August 18, 2013

The world of investing changed based on the research conducted by Fama and French. What did they discover? How can you benefit?

3 thoughts on “August 18, 2013”

  1. Thomas Graham says:

    Fama and French taught us that there are three main risks to think about when investing. You can consider market, size, and value. Size matters because small companies will have a 3% higher return after a long time. Value is important as well because a company that is cheap may provide a 5% higher return than other companies over a long time. To take advantage of this you must be able to wait a long time to get a return on small companies and value stocks.

  2. Mike Finley says:

    Outstanding, Thomas! Let’s recap. Fama and French identified three factors when one considers investing in stocks. The market as a whole, value companies (sick companies like Kmart), and small companies. The past has provided a premium return on those value and small companies just like Thomas stated. Will the present? We don’t know, but it would probably be wise to overweight your stock portion of your portfolio to those value and small companies.

    This can easily be done with a couple of ideal no-load index funds at Vanguard. The Small-cap value index fund and the Value Index fund (large not so healthy companies) are ideal choices.
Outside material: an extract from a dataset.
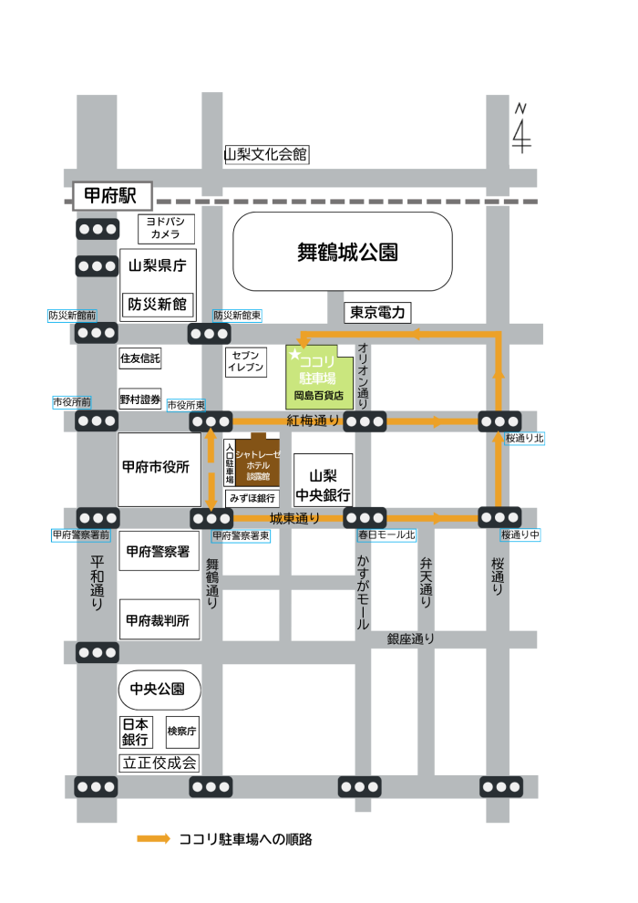※ご宴会でお越しのお客様におかれましては、平日の開庁時間帯における甲府市役所駐車場のご利用はご遠慮ください。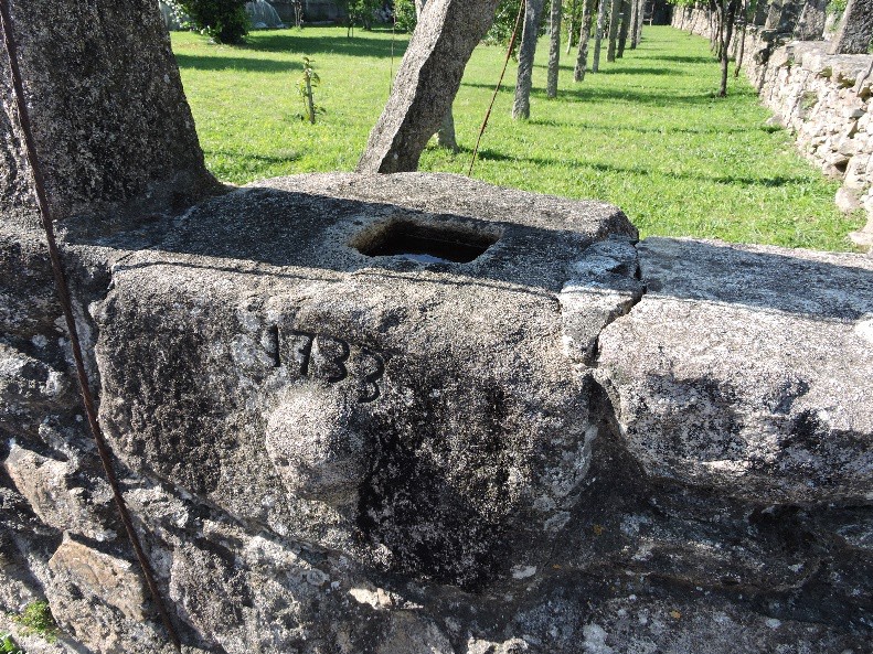 podemos ver unha representación das ánimas entre as lapas baixo un Cristo Crucificado.

You can learn more on this topic by reading William Bernstein’s wonderful book, The Four Pillars of Investing as well as his shorter version, The Investor’s Manifesto.

  3. Mike Finley says:

    By the way, I overweight my portfolio toward those very same index funds which are ultra cheap. You may also be able to find something similar in your 401(k) at work. Focus on the words index, small-cap, and value when doing your search.